EXERCISE DETAILS: One exact copy of the listing, minus the images, is the required answer.

SUPPLIED DATA:
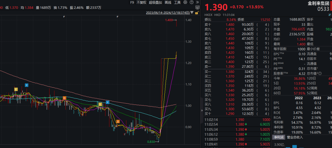 其他大幅波动的港股中,金利来集团复牌大涨,盘中涨幅一度超过14%。
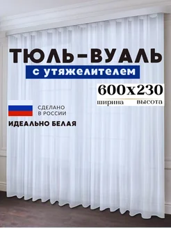 Тюль вуаль в спальню и гостиную длинная 600х230 см белая
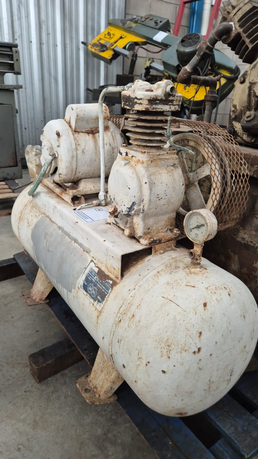 Compresor marca Modenesi, de 90 litros, con motor de 3/4HP monofásico. Usado en el estado en que se encuentra.

RESULT BELOW:
 其他大幅波动的港股中,金利来集团复牌大涨,盘中涨幅一度超过14%。
 Тюль вуаль в спальню и гостиную длинная 600х230 см белая
 Compresor marca Modenesi, de 90 litros, con motor de 3/4HP monofásico. Usado en el estado en que se encuentra.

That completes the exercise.